Arman,
(Armand Fernandez)
1928–2005
L’un des fondateurs du mouvement des Nouveaux Réalistes
Arman décompose, découpe et accumule tout ce qu’il lui tombe sous la main c’est son principe de base.
Il s’inspire même des emblèmes d’œuvres classiques pour les reconstruire et les recomposer.
Les « outrages » qui fait subire à La Vénus Genitrix du Louvre et la Diane de Versailles, en sont de parfaits exemples.

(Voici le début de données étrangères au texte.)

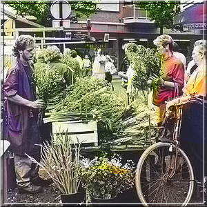 Afbeelding: Bloemen kopen op de Grote Markt, beginjaren ’80. Bron: Regionaal Archief Dordrecht.

M.A.K. Galerie expose deux rares « Transculptures » : Venus Labyrinthe de l’Amour et Engrediane ainsi que des œuvres choisies qui permettent de parcourir 40 ans de création . 

Arman est un esthète.

il aime :

— La Musique, au point de noyer des violons (Violon noyé 1972) ou de les violenter (Violon Coupé III 1994)

— La Peinture, il l’accumule, laisse couler des tubes, et regarde les matières s’assembler (Accumulation de flacons de vernis et coulées rouge et argent, 1968-1969). 

Dans son concept novateur, Arman fige des collections d’objets, accumule des éléments du quotidien qu’il réussit à transformer en œuvres d’art inédites et muséales.

— La Littérature l’inspire également, il crée une accumulation de chaussures (More Cinderellas, 1995) clin d’œil à Cendrillon des contes de Grimm et de Perrault. 

Dès 1964, fort de sa nouvelle maîtrise du plexiglas, l’artiste réalise un tableau dans lequel il parvient à capturer des billes de mercure pour réaliser une œuvre tout a fait novatrice.

Cette création est particulièrement sensible aux effets de lumière si bien que son aspect est ainsi en perpetuel transformation.

L’énergie qu’elle dégage a séduit directeur du Musée du Carnegie Institute. Il la présente à l’Exposition internationale d’Art contemporain de Pittsburg.
Sidney Janis tombe sous son charme et l’acquiert pour sa galerie new-yorkaise.
40 ans plus tard, elle se retrouve à Paris, chez M.A.K. Galerie.